Греч. Да. Можете мне поверить. Вы в общем-то еще девочка, а я уже не молода и, главное, прожила не слишком счастливую жизнь…
Оля. У меня тоже бывало горе. То есть сначала – наоборот, казалось, что это счастье и что оно только-только начинается. А потом вместо этого началась война. И когда я провожала его на фронт, и был черный, черный вокзал, и так все было страшно там, куда он ехал, что я в последнюю минуту вдруг крикнула ему, чтоб он возвращался скорей, что я выйду за него замуж, что я была дура, что мне стыдно, что я сделаю это в тот же день, как его увижу!

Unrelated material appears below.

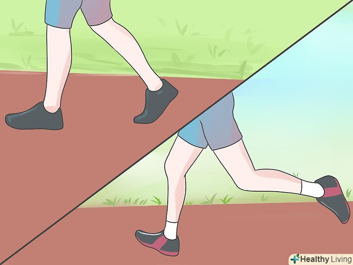 Почніть з ходьби і перейдіть в біг.почніть з ходьби, щоб переконатися в силі ваших ніг і в тому, що це не викличе нападів болю, а потім перейдіть до бігу підтюпцем кілька хвилин і поступово перейдіть до звичайного бігу.- Спершу походіть кілька днів, потім кілька днів побігайте підтюпцем, і в підсумку перейдіть до коротких пробіжок, поки не відновите свій попередній тренувальний режим.

Он меня обнял, поцеловал и потом, знаете, так улыбнулся, так ужасно грустно улыбнулся, как будто он уже большой и где-то далеко от меня… И я поняла, что никогда его больше не увижу.
Греч. А потом?
Оля. Потом? Потом он погиб, через месяц. О нем писали тогда, а потом забыли. Только его мать помнит и я. И вот Сережа, – вы его видели… Мы все вместе учились.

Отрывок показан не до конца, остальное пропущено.